__Exercise objective__:
Return the material exactly, first line through the line containing "Trưa hôm nay", and nothing more. Pictures stay out.

__Raw data__:
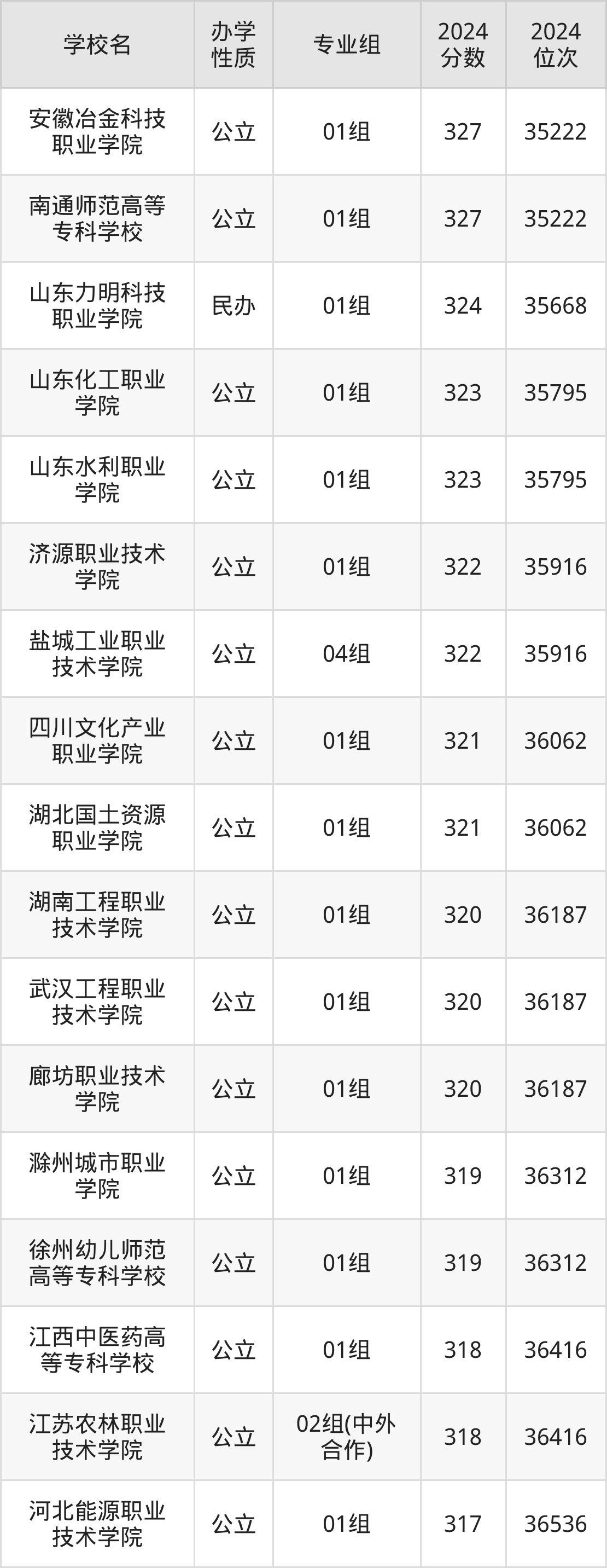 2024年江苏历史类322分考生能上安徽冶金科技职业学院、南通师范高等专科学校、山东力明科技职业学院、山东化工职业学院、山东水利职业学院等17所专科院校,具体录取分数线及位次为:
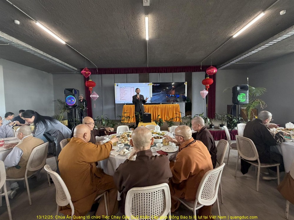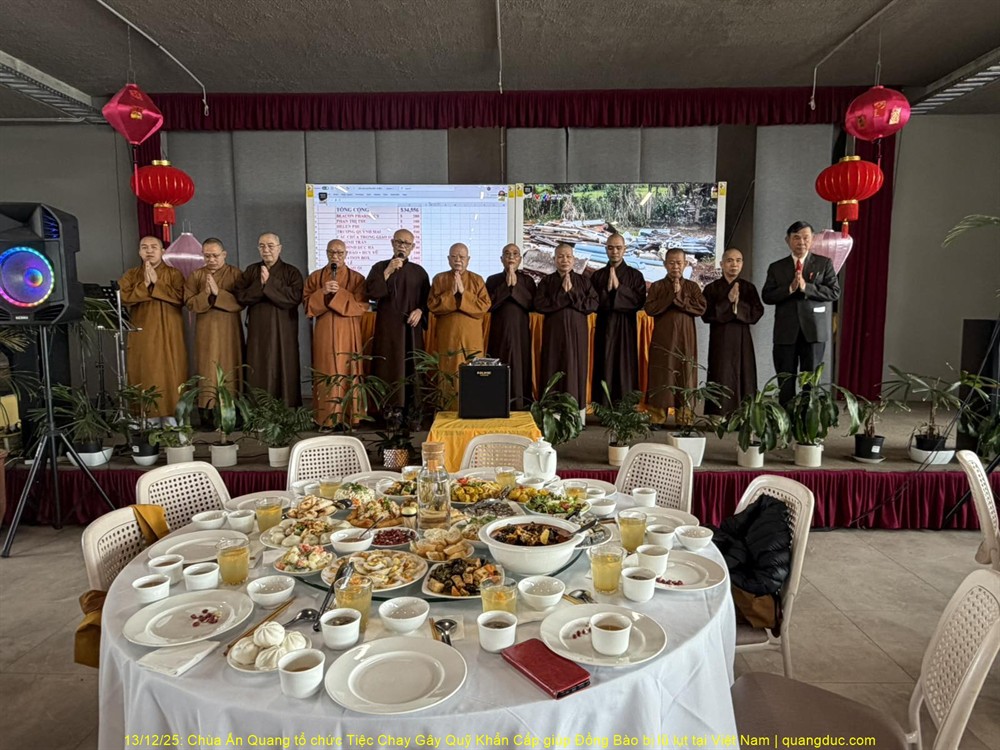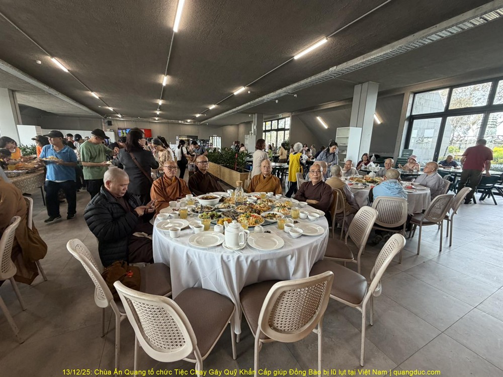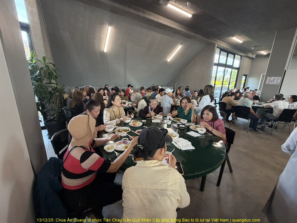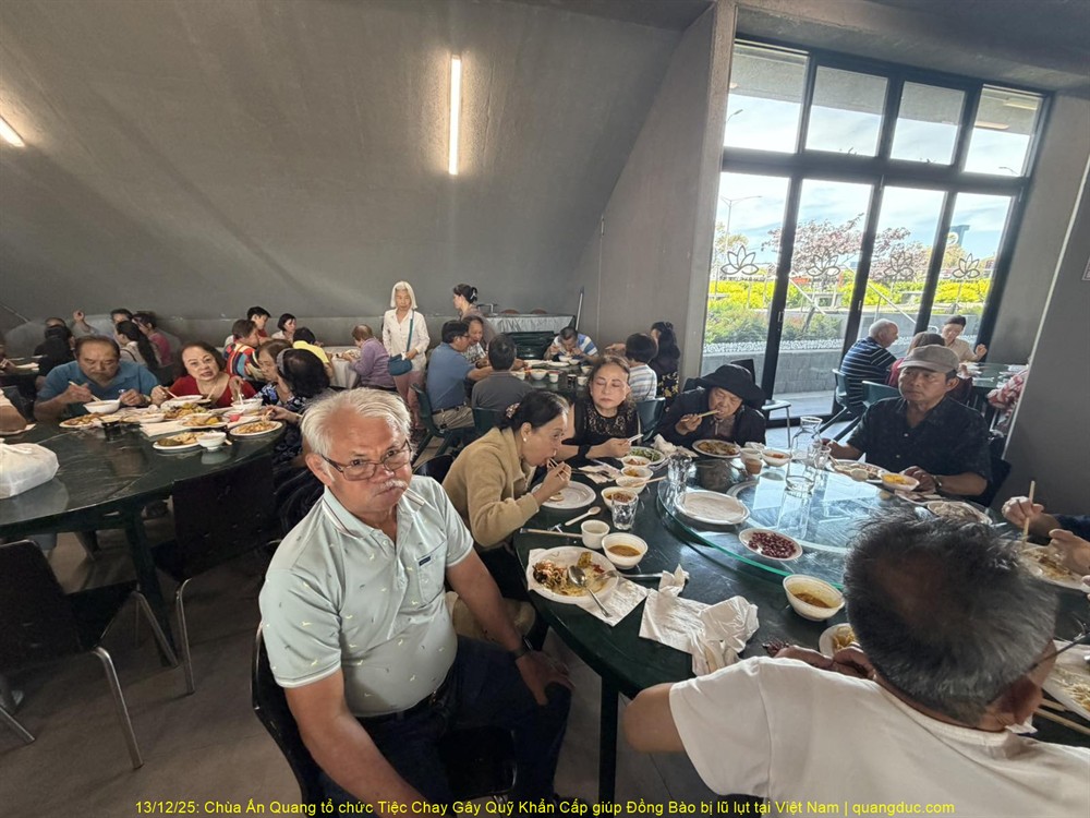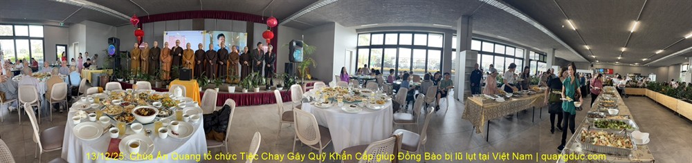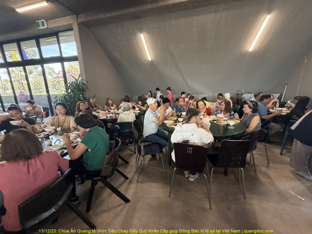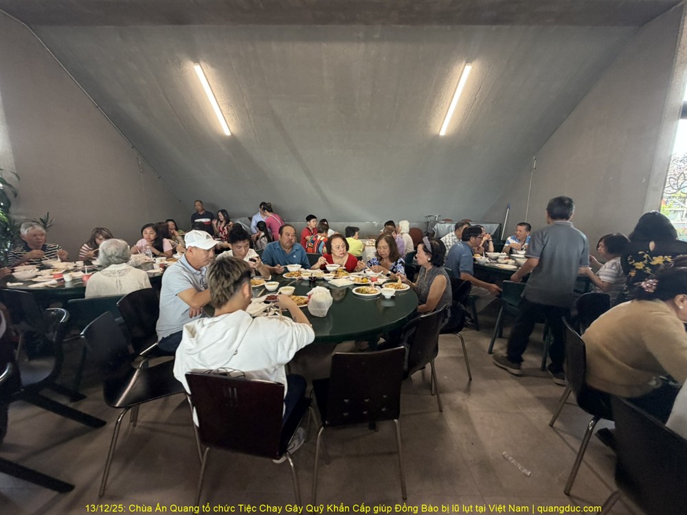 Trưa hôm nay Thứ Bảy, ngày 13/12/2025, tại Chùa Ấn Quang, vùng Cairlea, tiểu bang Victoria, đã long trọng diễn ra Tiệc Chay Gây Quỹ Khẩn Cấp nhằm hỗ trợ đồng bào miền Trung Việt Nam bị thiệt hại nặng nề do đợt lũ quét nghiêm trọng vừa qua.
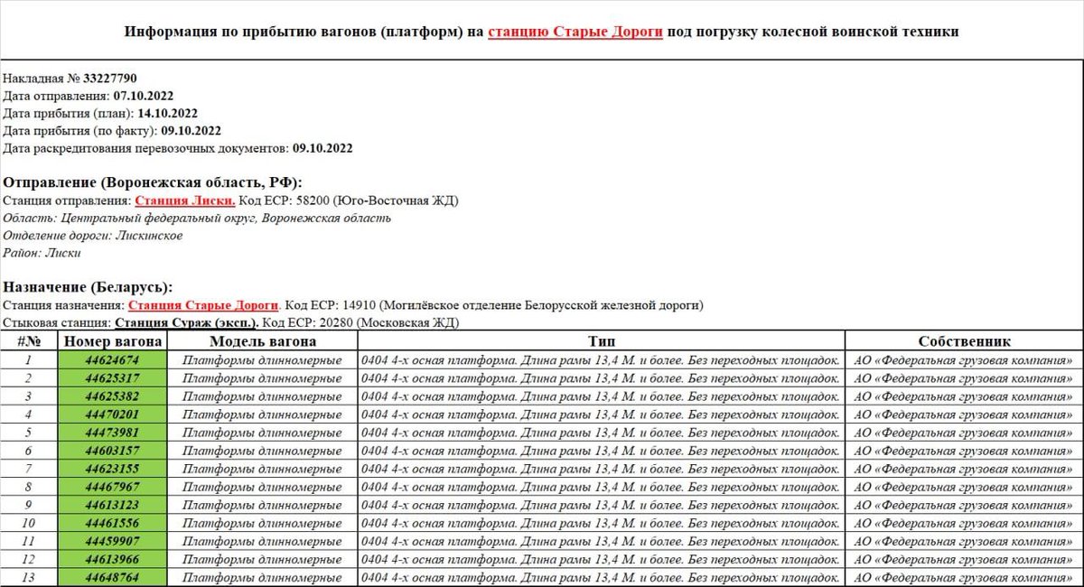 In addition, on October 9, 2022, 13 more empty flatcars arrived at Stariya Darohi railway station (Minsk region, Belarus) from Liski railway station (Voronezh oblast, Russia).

__Problem solution__:
 2024年江苏历史类322分考生能上安徽冶金科技职业学院、南通师范高等专科学校、山东力明科技职业学院、山东化工职业学院、山东水利职业学院等17所专科院校,具体录取分数线及位次为:
 Trưa hôm nay Thứ Bảy, ngày 13/12/2025, tại Chùa Ấn Quang, vùng Cairlea, tiểu bang Victoria, đã long trọng diễn ra Tiệc Chay Gây Quỹ Khẩn Cấp nhằm hỗ trợ đồng bào miền Trung Việt Nam bị thiệt hại nặng nề do đợt lũ quét nghiêm trọng vừa qua.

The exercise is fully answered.